On Monday I wrote about the recording of the Rambert dance work Tomorrow that is featured on the Shakespeare Lives 2016 website. I am following that up today with a pointer to a quite different page that I curated for the website. Great Shakespeare Speeches features extracts from a range of Royal Shakespeare Company productions adapted for television. What follows is a version of my text together with embeds of three of the clips (which my colleague Todd MacDonald edited). Do visit the page itself for all twelve of the speeches.

Broadcast on 23 April, Shakespeare Live! From the RSC was only the most recent collaboration between television in Britain and the Royal Shakespeare Company. ITV with Trevor Nunn’s Macbeth (1979) and Channel 4 with Nicholas Nickleby (1982) have both produced adaptations of RSC productions, but it has been the BBC that has most consistently recorded great stagings of Shakespeare by the company. Fortuitously, most of these have survived in the archives, and they allow us to see today definitive performances by actors including Ian Holm, Peggy Ashcroft, Vanessa Redgrave and David Tennant (above, in Hamlet, 2009). More recently, the RSC itself has been screening its productions live in cinemas, and these broadcasts also feature exceptional actors like Antony Sher and Alex Hassell in some of theatre’s greatest roles.

For Great Shakespeare Speeches, I was delighted to select from these RSC riches a dozen well-known moments from the plays performed by wonderful actors, either alone or in dialogue with one or more of their peers. There is Vanessa Redgrave as a youthful, flighty, sexy Rosalind in As You Like It from 1963; this was the performance of which the critic Michael Billington wrote recently, “I have never seen a more exciting demonstration of the ecstasy of love.” From Henry VI Part III, captured as part of the History plays cycle The Wars of the Roses in 1965, Peggy Ashcroft as a vengeful Queen Margaret tears up the screen as she humiliates the Duke of York, played by Donald Sinden, and smears across his face the blood of his dead son Rutland. And more recently, from the 2015 production of Othello, Hugh Quarshie, perhaps best known as Ric Griffin in Holby City, is driven by his obsessive (and unfounded jealousy) to contemplate murdering his beloved Desdemona.

In snipping from the panorama of the RSC on screen I wanted to feature fragments from a range of the plays, bringing together iconic moments like Portia’s speech that begins “The quality of mercy is not strain’d” from The Merchant of Venice, beautifully performed by Patsy Ferran in 2015, with equally exquisite but perhaps lesser known words like the discourse on love by Berowne, here Edward Bennett in 2014, in Love’s Labour’s Lost.

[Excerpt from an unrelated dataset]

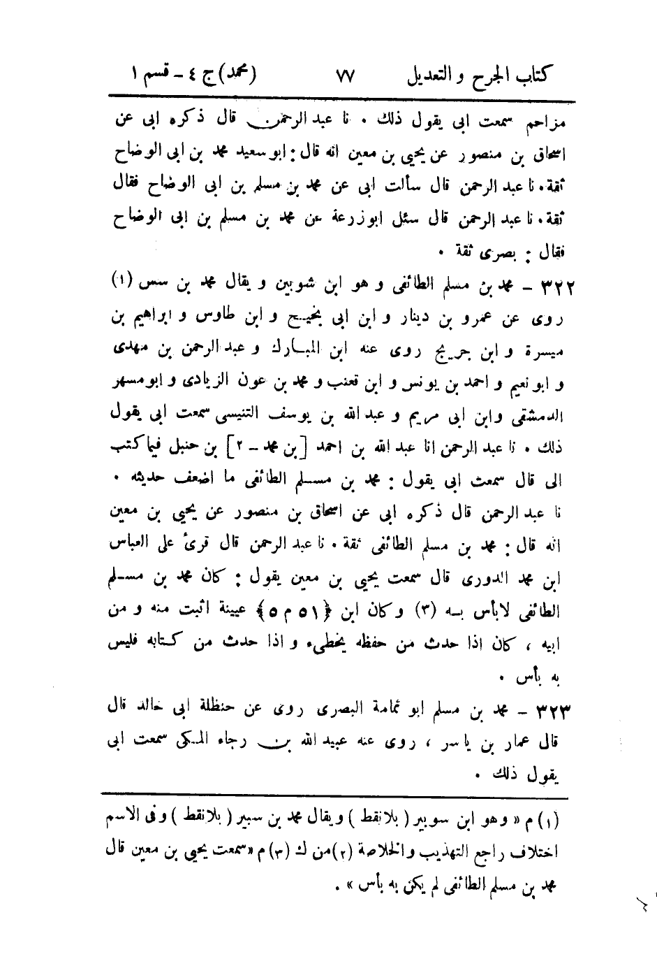 حَدثنا عَبد الرَّحمن، قال: قُرِئَ عَلَى العباس بن محمد الدُّوري، قال: سَمِعتُ يَحيَى بن مَعين يقول: كان محمد بن مسلم الطائفي لا بأْس به، وكان ابن عُيَينة أثبت منه ومن أَبيه، كان إذا حدث من حفظه يخطئ، وإذا حدث من كتابه فليس به بأسٌ.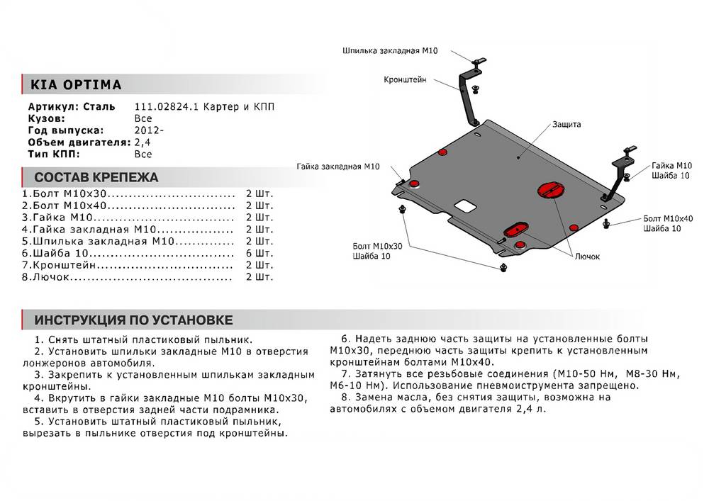 В нашем интернет-магазине можно купить Защиту картера и КПП Автоброня для Kia Optima, V - 2,4 2012-2016

And then there were certain speeches that no selection can pass over, including “Friends, Romans, Countrymen” from Julius Caesar, spoken in the Forum by Mark Antony, incarnated in the series by Ray Fearon in a television film version made in 2012. Equally essential is “Now is the winter of our discontent” from the opening of Richard III, especially when it is given such a glitteringly evil and yet winning performance as that by Ian Holm in 1965.

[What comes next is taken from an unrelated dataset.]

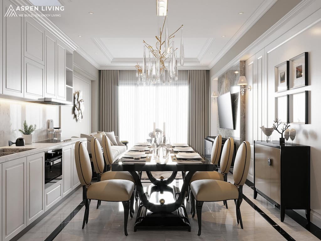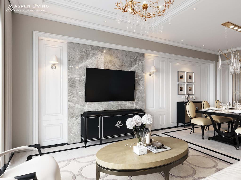 Căn hộ được thiết kế theo phong cách Tân cổ điển hiện đại (Neo-Classic) kết hợp với yếu tố Luxury.

As well as offering us precious access to defining performances like these, and also David Warner’s astonishingly vulnerable King Henry VI from 1965 and David Tennant’s 2009 Hamlet, these extracts also demonstrate a fascinating variety of the ways in which over the past five decades Shakespeare on stage has been interpreted for television and for live cinema.

In late 1962 the production of As You Like It transported Vanessa Redgrave and the rest of the RSC cast, as well as its huge oak tree of a set, from the stage at Stratford-upon-Avon into a television studio in west London to make a recording with electronic cameras. Two years later, the BBC travelled in the opposite direction, taking two outside broadcast units to Stratford to capture the trilogy of The Wars of the Roses on its vast and effectively immovable steel set designed by John Bury. As You Like It has an appropriately light and airy quality, even if you can occasionally see the joins in the scenery, whereas The Wars of the Roses is located in a dark and desolate screen world of betrayals and blood.

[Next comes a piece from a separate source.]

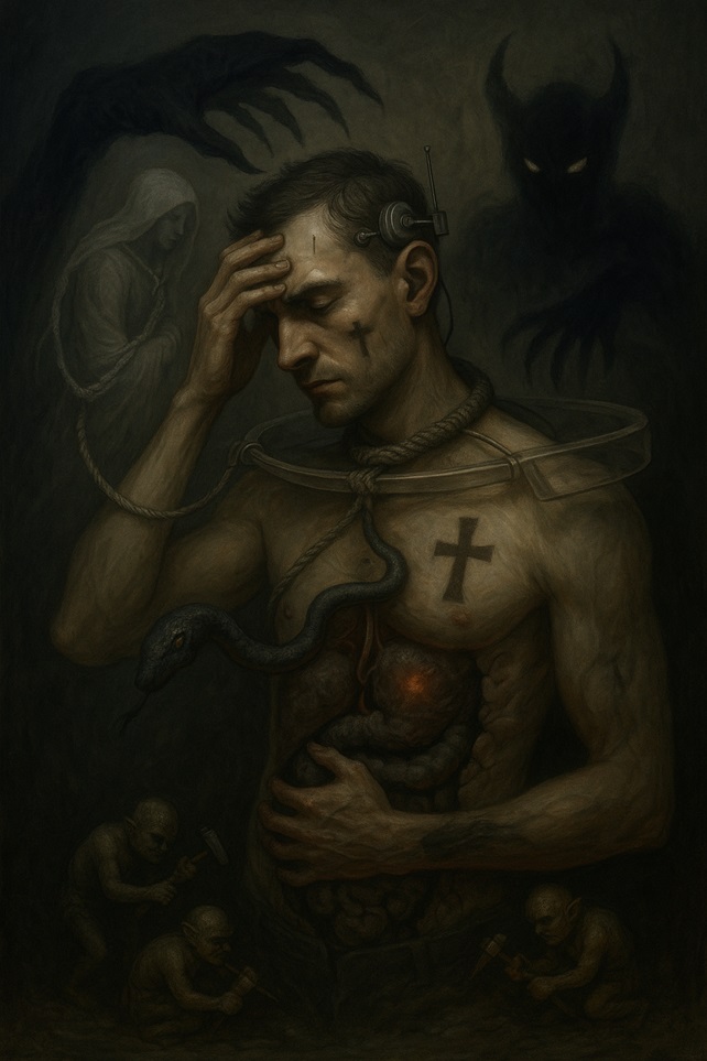 Er trifft ungünstige Entscheidungen und reagiert emotional instabil, fern seiner inneren Balance. Sein Verhalten folgt selbstzerstörerischen Mustern, die ihn immer wieder daran hindern, dauerhaftes Glück und Erfüllung zu erleben – ohne zu erkennen, dass fremde Programme, Impulse oder Wesenheiten mitwirken.

Fifty years on from the taping of The Wars of the Roses, the cameras were back in the Royal Shakespeare Theatre, albeit now in colour and with more sophisticated sound, to broadcast Henry V live to cinemas. Hamlet, however, was shot using a single camera over three weeks at a location for which the original stage design had been entirely re-thought. This meant that every shot could be composed and lit with a focus and concentration impossible to achieve on a single night in a theatre.

As Great Shakespeare Speeches collectively suggests, each production approach has advantages and challenges, and comparing and contrasting these excerpts with television’s new Shakespeare productions in 2016 should be both instructive and entertaining. But mostly these excerpts are offered simply to provide a moment of delight, courtesy of some of our finest actors and of words that are as fresh and meaningful today as they were four hundred years ago.